Palestinian refugees may suffer terrible toll after US cancels funding

Trump administration’s withdrawal of funding from UN agency Unrwa a bitter blow

 Palestinian students attending a class at Haifa School, which is run by the United Nations Works and Relief Agency for Palestinian Refugees (Unrwa) in Beirut, Lebanon. Photograph: Nabil Mounzer/EPA

Palestinian students attending a class at Haifa School, which is run by the United Nations Works and Relief Agency for Palestinian Refugees (Unrwa) in Beirut, Lebanon. Photograph: Nabil Mounzer/EPA

 

Unless new funds are found soon, the Trump administration’s decision on Friday to cancel the long-standing US financial contribution to the UN agency caring for 5.4 million Palestinian refugees will have a devastating impact on vulnerable refugees and the stressed economies of the occupied West Bank and Gaza, as well as host countries Jordan, Lebanon and Syria.

For decades the US has provided between one-quarter and one-third of Unrwa’s budget, citing the need to promote stability in the Levant. The US contribution for this year was reduced from $365 million to $65 million, and $200 million in funding for the West Bank and Gaza in US AID humanitarian and development assistance was terminated.

“Disruption of Unrwa services will have extremely dangerous humanitarian, political and security implications for refugees and for the whole region,” said Jordan’s foreign minister Ayman Safadi. He said it could “consolidate an environment of despair”, deepen tensions and harm peacemaking efforts.

The economies of the occupied Palestinian territories, Jordan, Lebanon and Syria, could face meltdown as they depend on Unrwa’s foreign currency injections

Jordan, Japan, the EU, Sweden and Turkey are co-sponsoring a meeting on September 27th in New York to raise funds for Unrwa’s 5.4 million dependents. Of Unrwa’s 30,000 employees most are Palestinians, making the agency a major source of income for refugee families.

Education consumes 54 per cent of Unrwa funds; healthcare 17 per cent; 29 per cent is dedicated to welfare and relief programmes and camp infrastructure.

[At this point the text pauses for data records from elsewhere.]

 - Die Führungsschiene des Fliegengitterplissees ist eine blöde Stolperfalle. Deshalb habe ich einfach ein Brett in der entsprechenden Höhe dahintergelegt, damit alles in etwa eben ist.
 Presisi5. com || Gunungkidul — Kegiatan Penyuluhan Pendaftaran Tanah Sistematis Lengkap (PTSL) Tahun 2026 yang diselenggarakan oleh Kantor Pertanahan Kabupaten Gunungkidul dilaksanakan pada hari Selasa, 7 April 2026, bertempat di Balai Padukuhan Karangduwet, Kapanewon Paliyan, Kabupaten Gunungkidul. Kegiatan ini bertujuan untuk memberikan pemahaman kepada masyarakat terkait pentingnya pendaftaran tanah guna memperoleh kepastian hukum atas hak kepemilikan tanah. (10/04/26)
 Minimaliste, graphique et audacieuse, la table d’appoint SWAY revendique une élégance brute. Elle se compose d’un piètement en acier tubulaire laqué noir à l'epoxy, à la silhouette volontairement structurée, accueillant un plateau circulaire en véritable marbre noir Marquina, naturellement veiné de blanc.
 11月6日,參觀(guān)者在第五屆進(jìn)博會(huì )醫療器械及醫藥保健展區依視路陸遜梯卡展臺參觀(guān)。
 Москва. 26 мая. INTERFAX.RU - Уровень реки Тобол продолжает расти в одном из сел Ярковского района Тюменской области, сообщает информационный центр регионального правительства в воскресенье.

Unrwa says it will close its 711 schools with an enrolment of 526,000 by the end of this month if money is not raised to cover its $217 million deficit. The EU and several European and Gulf countries have promised to raise funds.

Unrwa is the main provider of essential supplies and services in Gaza, which has a population of 2 million, and where 500,000 of the 1.3 million refugees dwell in eight camps. In the West Bank there are 800,000 Unrwa registered refugees, out of a population of 2.9 million. Most Palestinians in Gaza and a large percentage in the West Bank are stateless.

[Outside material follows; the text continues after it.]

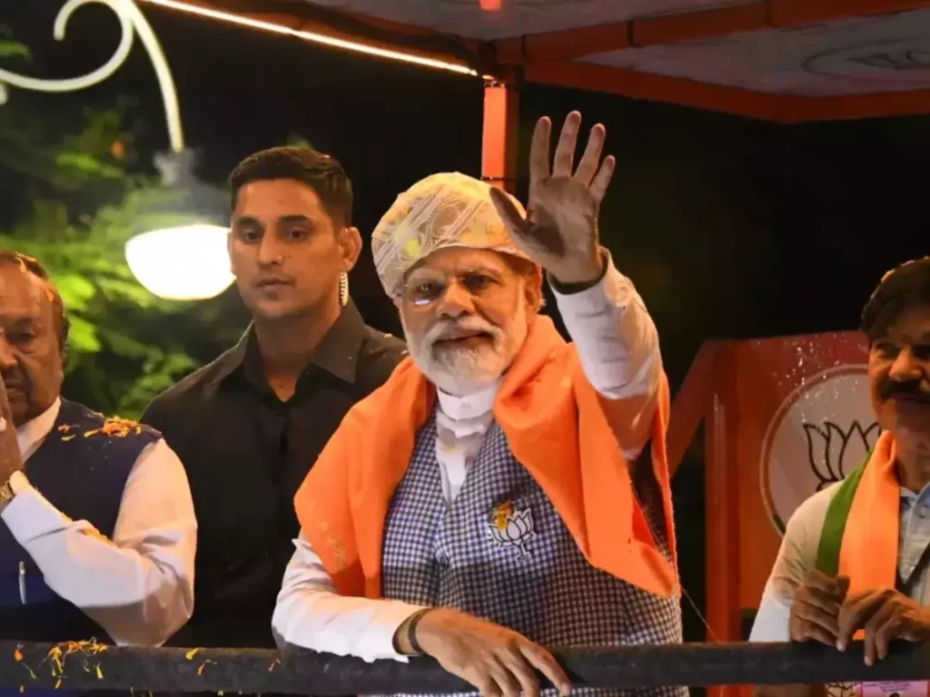 When the incident occurred, Modi was waving to the large crowds of people who had gathered on both sides of the roads, flanked by Mysuru-Kodagu MP Pratap Simha, former ministers K S Eshwarappa, and S A Ramadas.
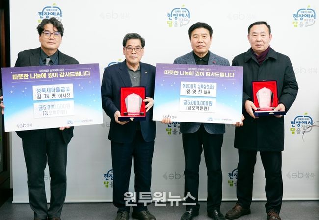 김재명 성북새마을금고 이사장과 황영선 현대자동차 성북삼선교점 대표는 “지역사회와 함께 성장해 온 기관으로서 나눔에 동참하게 되어 뜻깊게 생각한다” 며 “앞으로도 지역복지 발전을 위한 사회공헌 활동을 지속해 나가겠다”고 전했다.

Jordan, with a population of 9.5 million, hosts 2.2 million Palestinian refugees, most of whom have citizenship. Some 370,000 live in 10 camps receiving Unrwa services.

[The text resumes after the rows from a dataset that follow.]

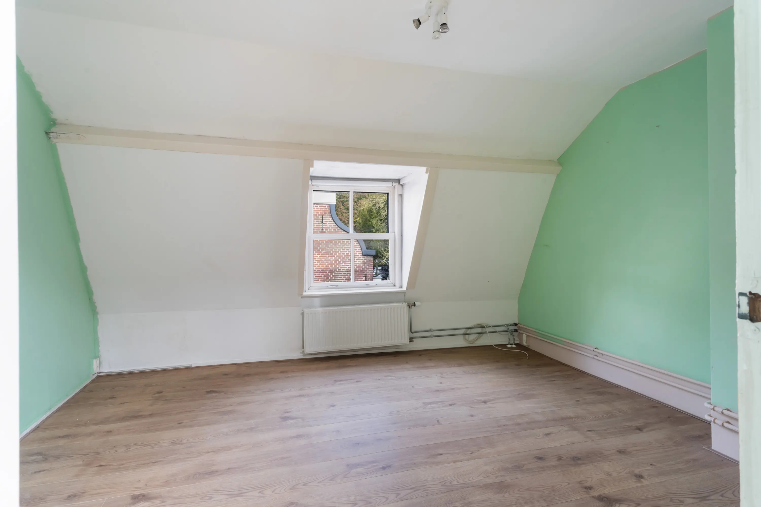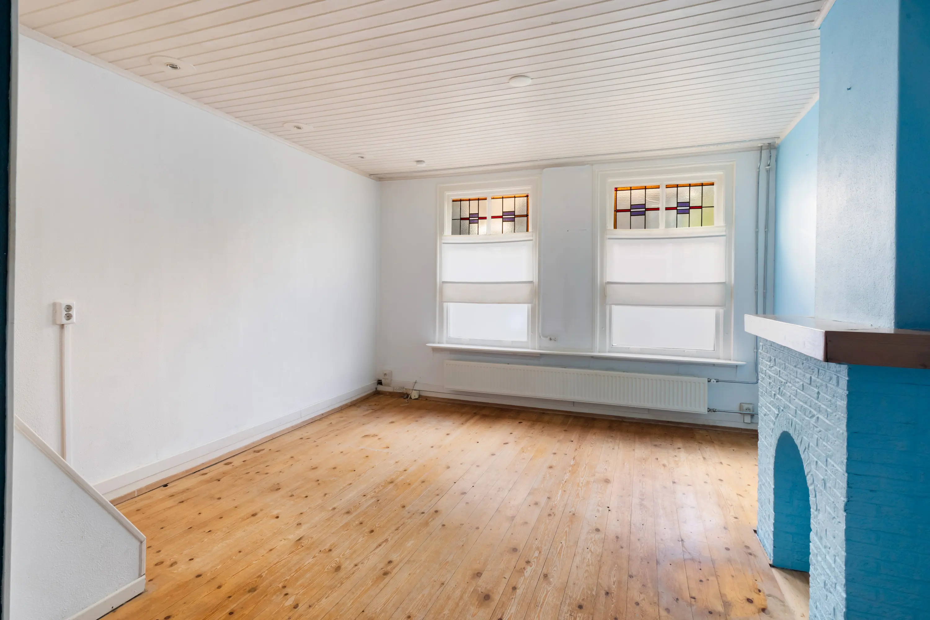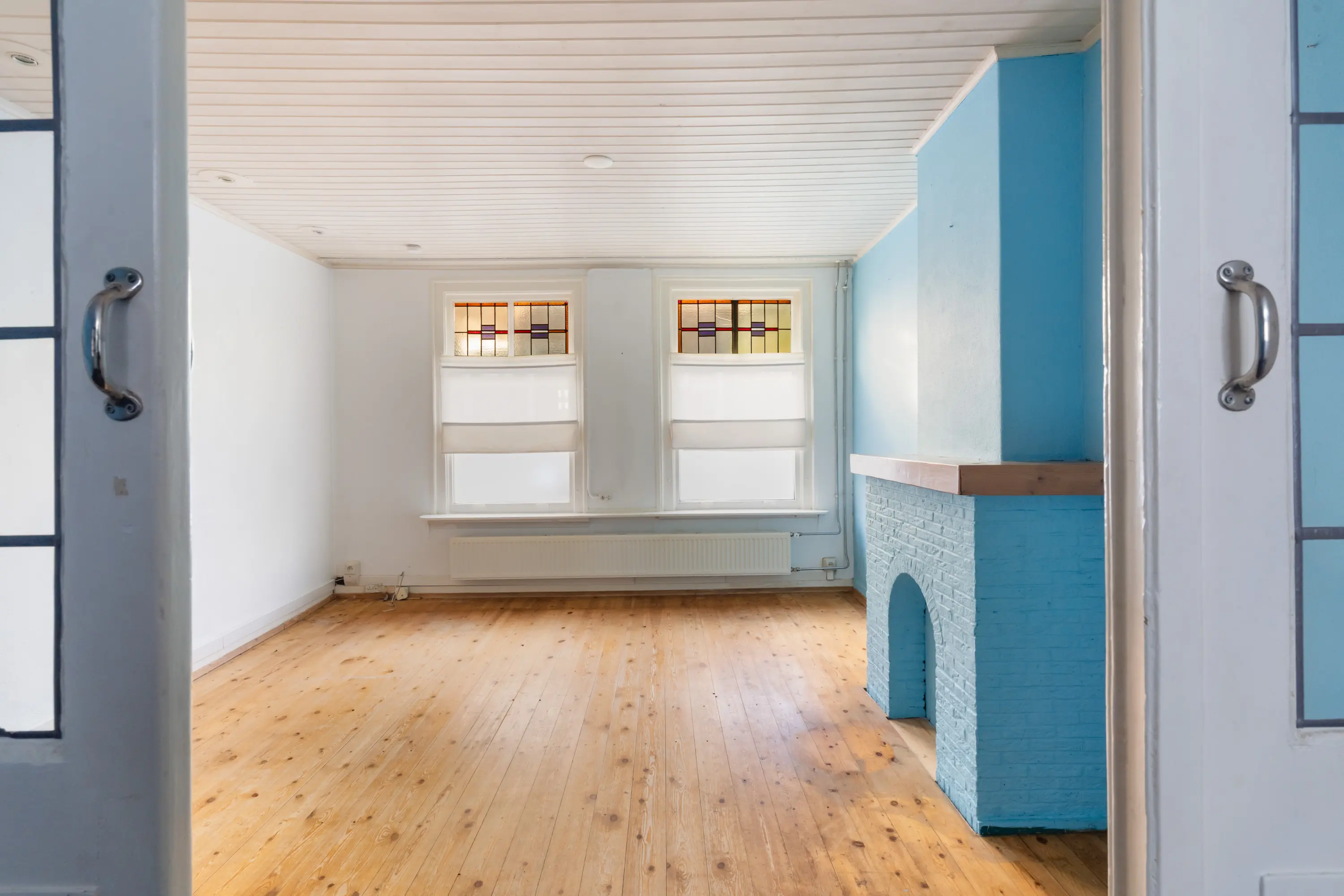 Via kamer-en-suite te bereiken woonkamer met houten vloerdelen, glas-in-lood ramen en schouw.
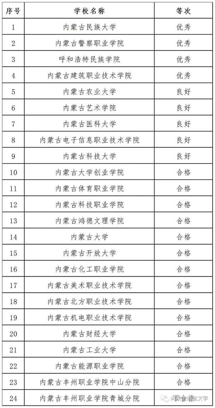 本次视频会议通报了2021年10月国家通用语言文字规范化达标校评估结果,24所受评的自治区直属高校中,内蒙古民族大学等4所高校获得优秀等级、内蒙古医科大学等5所高校获得良好等级、内蒙古大学创业学院等14所高校获得合格等级。
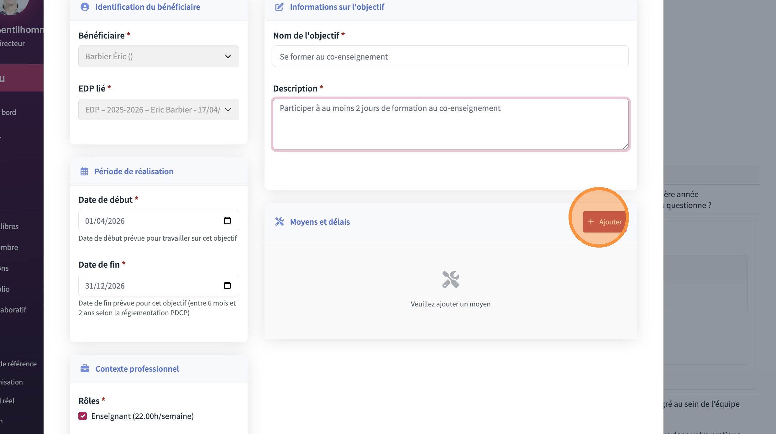 Tip! Il est possible d'ajouter un objectif PDCP à plusieurs endroits dans VitalTeam:

A majority of the 464,000 stateless Palestinian refugees in Lebanon – which has a population of 6 million – live in 12 Unrwa camps. Poverty is rife. They are not permitted to work in 20 professions, making them heavily dependent on Unrwa.

Impact of war

Until war erupted in 2011, the 534,000 Palestinian refugees in Syria enjoyed the same privileges as 23 million Syrians without being naturalised. Since then the largest of the nine camps, Yarmouk, south of Damascus has been devastated, its 112,000 inhabitants displaced. They and Palestinians living elsewhere have suffered high poverty levels.

Defunding Unrwa could have serious consequences for the region and the world. The economies of the occupied Palestinian territories, Jordan, Lebanon and Syria, could face meltdown as they depend on Unrwa’s foreign currency injections as well as its provision of services that local authorities cannot afford.

If deprived of schooling, Palestinian youths could join Islamic State, al-Qaeda and other international radical groups. Driven from territory seized in Syria and Iraq, these groups are devising new strategies for striking at Arab, Iranian, Russian and western targets. Preoccupied with the challenges posed by Israel, substantial numbers of Palestinians have not, so far, been recruited. This could change.

The mentor of al-Qaeda founder Osama bin Laden and “father of the global jihad”, Abdullah Azzam, was a Palestinian from a West Bank village. He convinced bin Laden to place Palestine high on his agenda.

Having served as dumping grounds for refugees from neighbouring conflicts, Lebanon and Jordan, each hosting more than a million Syrian refugees, have refused to accept more and have accepted a Russian plan to repatriate Syrians as soon as possible.